Robert Spencer indictment & judgment closeup page marked
Figure 1:  Entries for Robert Spencer in the List of Loyalists against whom judgements were given under the Confiscation Act, 1783.2

In both entries, Robert Spencer is reported to be from Canajohary (sic) in Tryon County. In the first entry at the top, he is reported to be a farmer, whereas in the second entry, he is recorded as a yeoman. The date of indictment, located in the next column, is recorded as “10th October 6th Indepen,” which is a reference to the 6th year of American independence, i.e. 1780. The judgement was signed on 15 July 1783 (Figure 2).2

judgement
Figure 2: Excerpt from manuscript showing indictment and judgement dates for Robert Spencer, farmer (line 1).2

The second entry for Robert Spencer, yeoman, indicates a different date of indictment, “14 June 5th Indepen” but with the same date of judgement, 15 July 1783 (Figure 3).2

Judgement 2
Figure 3:  Excerpt from manuscript showing indictment and judgement dates for Robert Spencer, yeoman (blocked out in red).2

How do we interpret these two different entries? That’s a good question. Robert Spencer was known to have a son, also named Robert Spencer, whose birth circa 1772 was recorded in the Dutch Reformed Church in Fonda, New York (Figure 3).3

Robert Spencer Jr birth 1772
Figure 3:  Birth record for Robert Spencer, son of Robert Spenser (sic) and Catrina Sternberg, born 10 August 1772 baptized 30 August 1772.3

The reason I say “circa” with reference to Robert’s birth is that the original record book seems to have been falling apart, so the original pages were apparently taped into a new notebook (shown above), but also recopied into yet another notebook (Figure 4), such that Ancestry offers three different “original” sources — with different dates —  for the same event (Figures 4 and 5).4,5

Robert Spencer Jr birth 2
Figure 4: Birth record for Robert Spenser (sic) son of Robert Spenser and Catrina Sternberg, born 10 August 1770, baptized 30 August 1772.4
Robert Spencer Jr birth 3
Figure 5:  Birth record for Robert Spenser (sic), son of Robert Spencer and Catrina Sternberg, born 10 August 1773, baptized 30 August 1773.5

In fact, if you’ll notice, Figures 5 and 3 are both clearly images of the same original, although the image in Figure 3 is a little nicer and more legible. However, Figure 3 was from “The Archives of the Reformed Church in America; New Brunswick, New Jersey; Reformed Church of Fonda, Baptisms, Marriages, Members, Consistory Minutes, 1758-1839,” whereas Figure 5 was from a collection with a slightly different title, “The Archives of the Reformed Church in America; New Brunswick, New Jersey; Fonda Church, Baptisms, Marriages, 1797-1872,” all of which just goes to show you how important it is to understand the original source and its history as much as possible.

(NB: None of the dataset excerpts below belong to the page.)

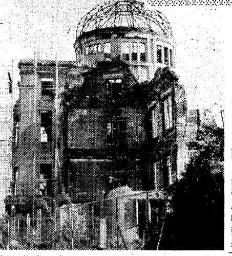
広島原水禁大会の会場、原爆資料館

平和と階級認識の確立を 運動に階級認識の確立を 行き詰まる原水禁運動 六五年の平和運動は、ベトナム戦争の激化および中国核実験の進行によって、対峙するものとなり、原水協の統一行動による反米民主主義の主張が、国民不在と、ブルジョア階級の運動の本質を露わにし、その展開を見出すことが不可能となった。ここに原水禁運動は、その展開を見出すことが不可能となった。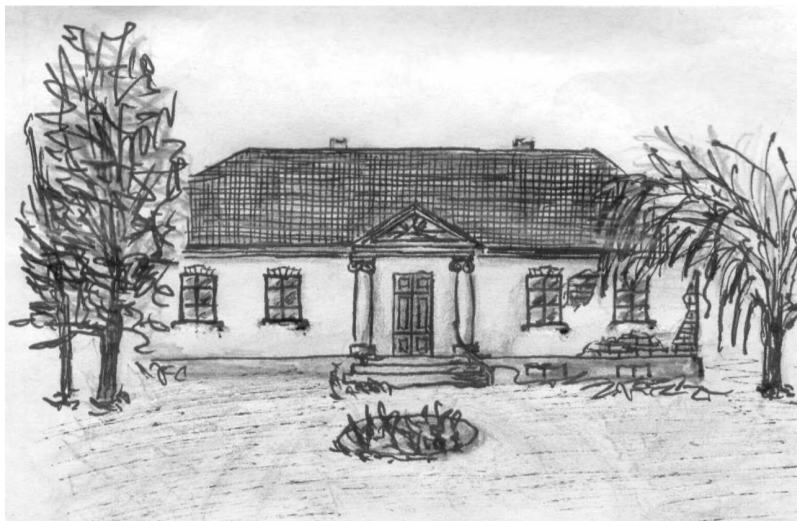
Rys. 2. Dwór w Dziadkowicach (widok części frontowej)

murowane z cegły na zaprawie wapiennej, otynkowane, podpiwniczone, oparte na rzucie prostokąta. Podstawową fizjonomiczną różnicą między dworami ziemi szadkowskiej jest ich wielkość i to ona prowadzi w konsekwencji do dalszego zaost్రzania kontrastu między nimi. Dwory w Prusinowicach i Rzepiszewie są duże, piętrowe, natomiast w Dziadkowicach jest niewielki, parterowy (rys. 2).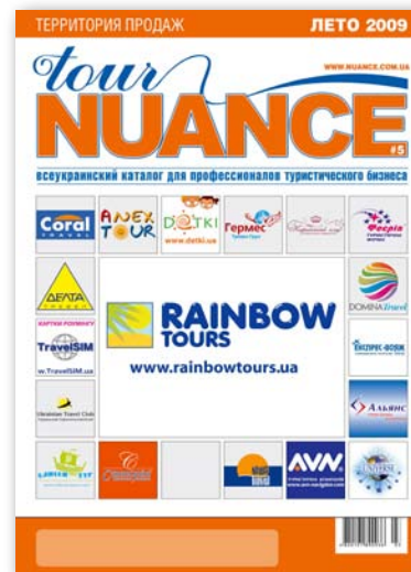
Tour Nuance № 5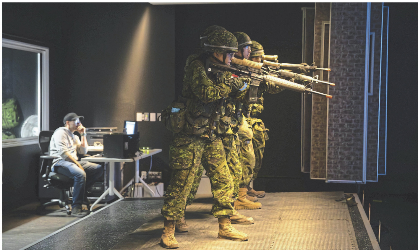
Après leur immersion dans le monde militaire, les recrues d'un jour auront un bon aperçu de ce qui les attend dans les Forces canadiennes.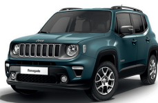
435 Niebieski Shade (metalizowany)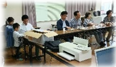
10月9日: スプラウト倶楽部 12月のクリスマス会の企画会議でした。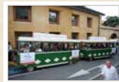
El trenet de la Fira CARRERAS

In any case, these “different” sources make it clear that Robert Spencer, Jr., was born circa 1772, which would have made him about 8 years old in 1780 at the time of the first indictment, or 7 years old in 1779 at the time of the second indictment. Could it be, then, that Robert Spencer, farmer, and Robert Spencer, yeoman, are father and son? Might a boy have had property in his name, and thus be subject to having the property confiscated due to his family’s Loyalist sentiments? Might the two indictments be referring to two different parcels of land, both owned by the same Robert Spencer, presumably the father? Could this be evidence of two different adult Robert Spencers, both Loyalists and both living in Canajoharie? Evidence from later Canadian sources does not seem to favor this last theory, but clearly, I’m going to have to dig deeper into the social and legal history of that time and place in order to understand this document.

The next part of Robert Spencer Sr.’s land story, as told to us by his grandson Adam, is that,

“….at the close of the war, the British government gave to the sufferers land in Canada in lieu of their losses as well as a reward for their services. When Robert got his discharge from the army, he went direct to Niagara and wrote this family to join him there…. In a short time he drew 200 acres of land, situated at the summit of the Whirlpool, where the united family settled, and soon succeeded in making a comfortable home.” 6

Loyalist Land Petitions are available online via the Library and Archives of Canada site. There are several databases in which these records might be found, based on date and location. Robert Spencer’s land petition was found in the database, “Upper Canada Land Petitions (1763-1865),” which can be searched here. Robert’s petition (Figure 6) supports many of Adam’s recollections about his grandfather.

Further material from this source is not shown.